Но какой смысл, если рождение почти всегда случайно? Значит, все–таки уходим с концами? Что ж, и в этом случае можно увидеть смысл. Если появляемся на свет случайно, то всем нам, живущим, дико повезло. А значит, сильно убиваться, что срок подходит к концу, как бы даже неблагодарно. Правильней сказать небу: и на том спасибо.
Альберт выспался, и последние часы полета мы провели в разговоре. Сначала я получил исчерпывающее объяснение, с чего началась неприязнь Чубайса к Костенко. Магазин в центре Владивостока был продан за 700 миллионов рублей. Гигантский судоремонтный завод с 16 тысячами рабочих – за 300 миллионов. Пакет акций морского пароходства был оценен в миллиард рублей. Тогда как независимый английский аудит оценил пакет в миллиард долларов.
Предшественник Костенко (ставленник Чубайса) перевыполнял план приватизации. Доля госсобственности упала до 17 процентов. Тогда как рыночные государства оставляют в своих руках до 30 процентов. Приватизаторы получали от Чубайса премии и устраивали роскошные банкеты. А десятки тысяч рабочих и служащих ликвидированных предприятий сидели на макаронах.
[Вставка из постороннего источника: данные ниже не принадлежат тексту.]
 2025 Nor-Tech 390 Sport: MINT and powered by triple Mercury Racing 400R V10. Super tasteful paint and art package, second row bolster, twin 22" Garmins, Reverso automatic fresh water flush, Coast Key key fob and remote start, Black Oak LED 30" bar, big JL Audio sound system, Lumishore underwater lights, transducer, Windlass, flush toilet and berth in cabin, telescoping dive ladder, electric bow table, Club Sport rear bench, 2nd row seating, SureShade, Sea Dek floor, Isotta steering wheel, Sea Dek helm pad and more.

Приморцы избрали Костенко, и он эту лавочку прикрыл.
Естественно, меня интересовала фигура генерала Бондаренко. Оказывается, этот мужик прошел путь от лейтенанта до генерала за семнадцать лет. Три звания получил досрочно. Раскрыл 40 убийств и отправил за решетку 11 банд. Фальшивомонетчики приговорили его к смерти. Пережил три покушения.
До Костенко фактическим хозяином края был криминалитет. Вырубались массивы отборного ясеня и кедра. Продавались за рубеж сотни тонн лосося. Из нефтепроводов сливались тысячи ГСМ* (*ГСМ – горюче-смазочные материалы). Получали незаконную прописку тысячи граждан Китая. Это была война против государства, которую можно было выиграть только одним способом. Встречной войной.
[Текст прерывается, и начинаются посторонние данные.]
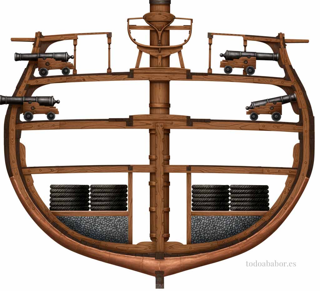 1. Pañol de pan en el extremo de popa de la despensa con un forro de tabla delgada separado del costado por medio de listones a din de preservar de la humedad y de cualquier filtración de agua.

Но масштабные операции против криминалитета тут же были объявлены облавами. И покатили одна за другой комиссии. А однажды ночью Костенко разбудил лай собаки. Загородный дом был охвачен пламенем. Губернатор едва успел выломать окно и вытащить жену и своих двоих мальчишек.
В аэропорту встречала пресс-секретарь губернатора. Молодая и без кольца на правой руке. Я был любезен и раскрепощен. Соблюдая конспирацию, сыграл давнего знакомого. Хотя не понимал, почему секретность командировки так грубо нарушена.
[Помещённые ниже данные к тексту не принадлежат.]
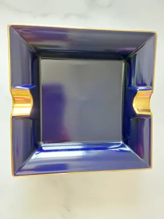 Elegante posacenere o svuotatasche in fine porcellana bavarese firmato Bavaria Germany serie "Ludwig"blu cobalto con finiture in oro zecchino. Misura cm 18 x cm 18 . - Colore: Blu intenso con dettagli oro. - Materiale: Ceramica lucida. - Design: Quadrato con bordi rialzati e incavi per sigarette.

Оказалось, пресс-секретарь решила лично сообщить, что у губернатора сегодня вечером прием. Можно сразу познакомиться с массой нужных людей и с ним самим. Я понял, что Костенко решил провести смотрины. Ну и правильно.
Я был не готов к светскому мероприятию. В сумке у Ирины тоже лежал совсем не тот наряд. Мы отправились на местную барахолку. О, дальневосточный рынок! Чего там только нет! Я купил японский диктофон со скрытым микрофоном, позволяющим записывать речь человека на расстоянии в сотню метров. Ирина помимо банкетного платья и туфель получила красное кимоно. И себя, конечно, не обидел.
Чопорный прием плавно перешел в непринужденную вечеринку. Стол ломился. Местные министры и адмиралы заметили интерес Ирины к морепродуктам, особенно к омарам. «Будем поправляться», – шепнул я ей. Потом ее уговорили поиграть на фоно. После небольшого концерта министры и вояки принялись ухаживать напропалую. Пришлось поскучать.
Костенко долго приглядывался ко мне издали. Потом как бы нечаянно оказался рядом с бокалом в руке. Я уже приметил: он собственноручно наливал из бутылки с винной наклейкой, в которой определенно было не вино, а какой-то сок.
– Что пьете? – спросил я его.
– Тещин морс.
Я подумал, что губернатор боится отравления. Но мне подсказали, что он вообще не пьет. Что касается тещи, то подробности детства Костенко были не секретом для приморцев. Все знали, что рос он без отца. Мать, деловая женщина, жила работой. Мальчика опекала мать одноклассницы, на которой он впоследствии и женился. Костенко говорил о теще с нежностью. Я понял, что будет правильно узнать его и с бытовой стороны.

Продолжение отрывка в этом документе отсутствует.